Exercise directions —
Using the records that follow, reproduce exactly the lines starting at the line containing "Γιλέκο με σατέν" and ending at the line containing "普通技:长矛刺击:对敌方直线造成 500-550%物理伤害,降低目标 30%物防免伤与30%特防免伤(均持续". Include both end lines and no pictures.

++++ Stored data

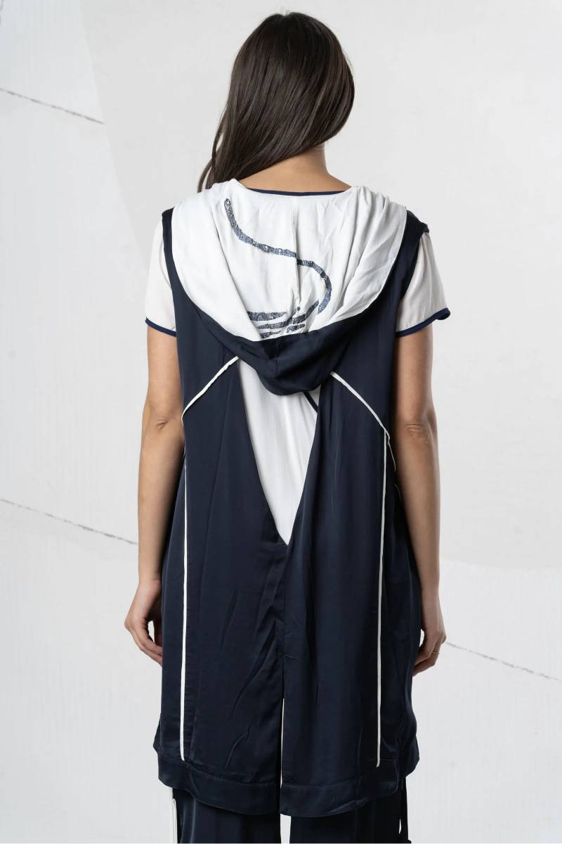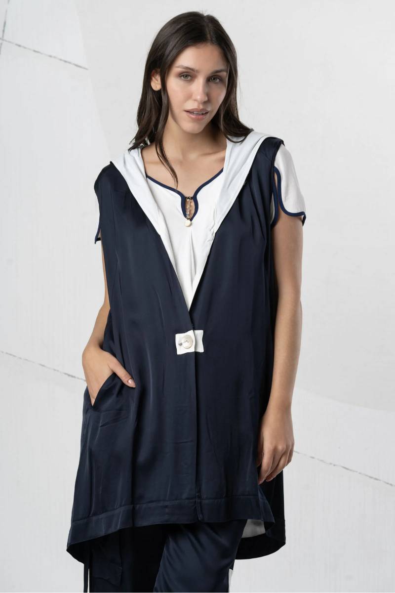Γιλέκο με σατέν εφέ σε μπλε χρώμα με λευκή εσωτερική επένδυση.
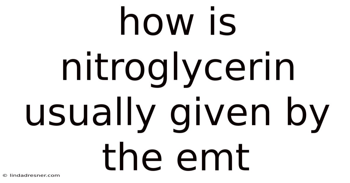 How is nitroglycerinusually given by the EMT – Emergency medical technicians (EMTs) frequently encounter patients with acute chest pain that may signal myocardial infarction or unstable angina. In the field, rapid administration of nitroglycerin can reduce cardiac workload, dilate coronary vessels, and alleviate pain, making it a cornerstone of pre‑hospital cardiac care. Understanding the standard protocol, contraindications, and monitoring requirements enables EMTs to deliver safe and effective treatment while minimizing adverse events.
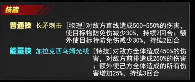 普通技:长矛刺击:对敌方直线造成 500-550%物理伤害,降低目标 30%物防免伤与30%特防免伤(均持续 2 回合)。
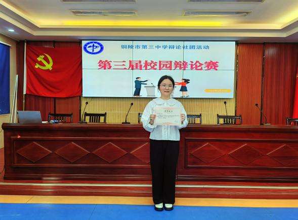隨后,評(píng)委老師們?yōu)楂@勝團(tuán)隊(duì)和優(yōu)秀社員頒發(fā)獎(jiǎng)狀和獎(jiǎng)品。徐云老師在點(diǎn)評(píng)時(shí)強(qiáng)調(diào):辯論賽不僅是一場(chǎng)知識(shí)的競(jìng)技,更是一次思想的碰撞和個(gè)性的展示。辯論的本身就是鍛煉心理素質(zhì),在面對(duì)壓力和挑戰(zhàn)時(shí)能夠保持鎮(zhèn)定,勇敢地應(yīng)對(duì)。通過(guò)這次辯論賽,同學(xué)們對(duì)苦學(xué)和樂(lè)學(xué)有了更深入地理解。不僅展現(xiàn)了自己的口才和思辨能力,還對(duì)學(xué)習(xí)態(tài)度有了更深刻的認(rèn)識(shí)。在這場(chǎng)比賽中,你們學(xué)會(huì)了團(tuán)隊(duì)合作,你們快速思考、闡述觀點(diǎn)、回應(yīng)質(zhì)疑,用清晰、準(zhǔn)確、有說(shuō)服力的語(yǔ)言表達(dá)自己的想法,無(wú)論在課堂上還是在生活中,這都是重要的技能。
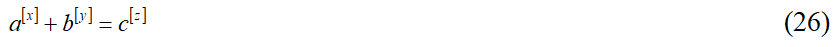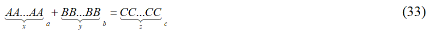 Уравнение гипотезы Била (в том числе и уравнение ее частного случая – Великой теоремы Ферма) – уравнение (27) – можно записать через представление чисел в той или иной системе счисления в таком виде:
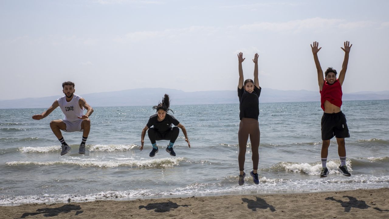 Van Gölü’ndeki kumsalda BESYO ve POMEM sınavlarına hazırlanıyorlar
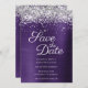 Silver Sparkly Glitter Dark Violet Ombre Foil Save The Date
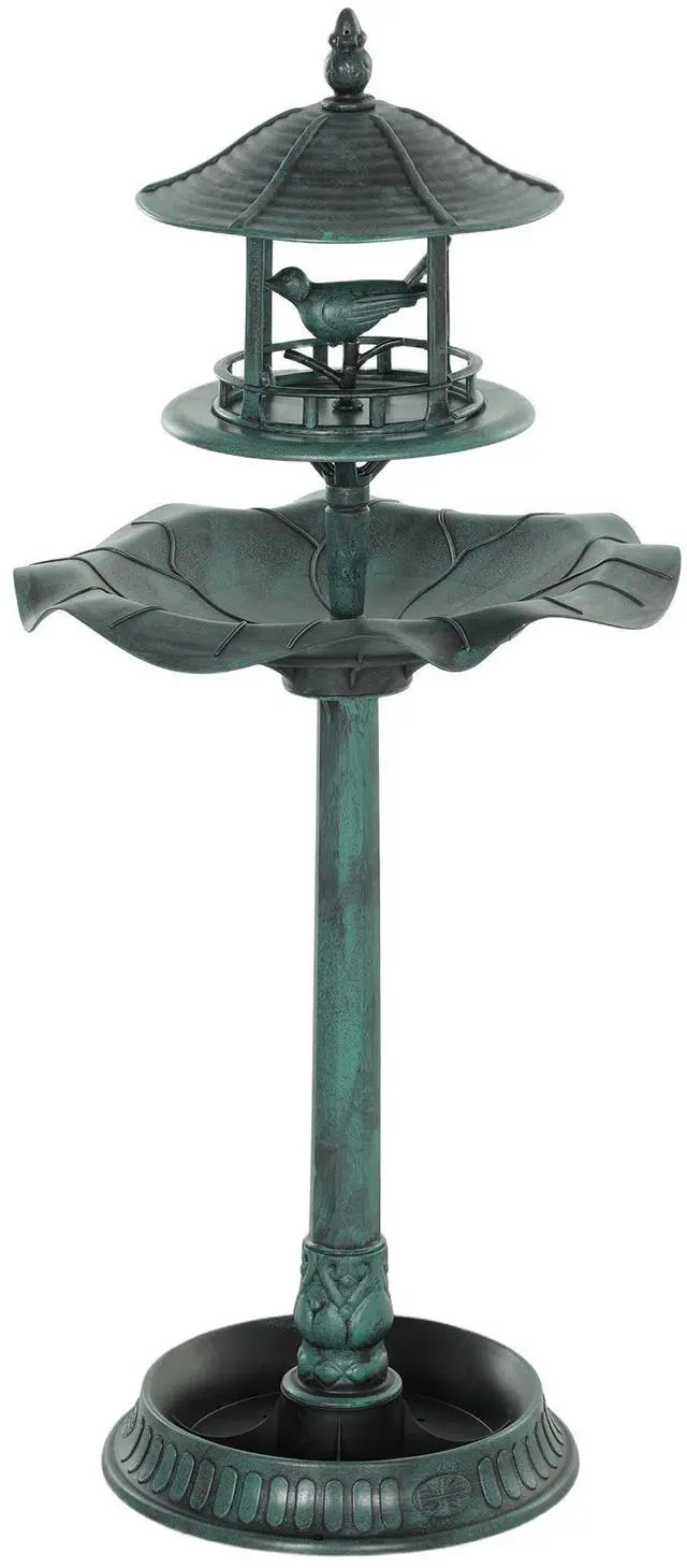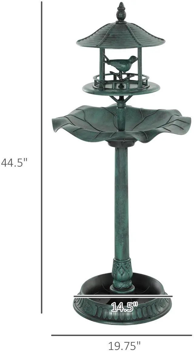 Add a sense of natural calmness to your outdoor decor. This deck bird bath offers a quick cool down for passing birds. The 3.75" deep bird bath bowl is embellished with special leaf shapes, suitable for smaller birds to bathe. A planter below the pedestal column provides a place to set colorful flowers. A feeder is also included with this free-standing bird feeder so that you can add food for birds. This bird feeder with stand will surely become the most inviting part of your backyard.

++++++++
++++ Stored data

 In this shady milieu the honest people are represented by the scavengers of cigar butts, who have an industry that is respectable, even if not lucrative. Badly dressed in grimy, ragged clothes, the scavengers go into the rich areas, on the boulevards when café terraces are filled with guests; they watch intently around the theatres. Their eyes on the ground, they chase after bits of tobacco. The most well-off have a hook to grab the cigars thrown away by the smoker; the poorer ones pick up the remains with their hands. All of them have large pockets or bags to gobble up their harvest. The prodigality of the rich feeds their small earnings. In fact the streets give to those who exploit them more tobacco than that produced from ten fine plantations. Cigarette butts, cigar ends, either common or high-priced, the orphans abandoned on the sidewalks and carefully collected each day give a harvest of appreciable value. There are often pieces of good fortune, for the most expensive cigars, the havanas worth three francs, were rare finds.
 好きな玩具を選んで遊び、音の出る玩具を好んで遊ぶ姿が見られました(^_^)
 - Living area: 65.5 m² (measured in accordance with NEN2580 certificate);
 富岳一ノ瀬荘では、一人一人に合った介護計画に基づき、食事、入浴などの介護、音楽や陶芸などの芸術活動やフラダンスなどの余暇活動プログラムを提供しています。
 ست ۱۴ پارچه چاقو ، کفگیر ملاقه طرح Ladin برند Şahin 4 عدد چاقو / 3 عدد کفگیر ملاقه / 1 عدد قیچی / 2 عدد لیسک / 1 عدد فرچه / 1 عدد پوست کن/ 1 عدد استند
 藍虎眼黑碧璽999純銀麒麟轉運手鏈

++++++++

Response to the exercise —
Γιλέκο με σατέν εφέ σε μπλε χρώμα με λευκή εσωτερική επένδυση.
 How is nitroglycerinusually given by the EMT – Emergency medical technicians (EMTs) frequently encounter patients with acute chest pain that may signal myocardial infarction or unstable angina. In the field, rapid administration of nitroglycerin can reduce cardiac workload, dilate coronary vessels, and alleviate pain, making it a cornerstone of pre‑hospital cardiac care. Understanding the standard protocol, contraindications, and monitoring requirements enables EMTs to deliver safe and effective treatment while minimizing adverse events.
 普通技:长矛刺击:对敌方直线造成 500-550%物理伤害,降低目标 30%物防免伤与30%特防免伤(均持续 2 回合)。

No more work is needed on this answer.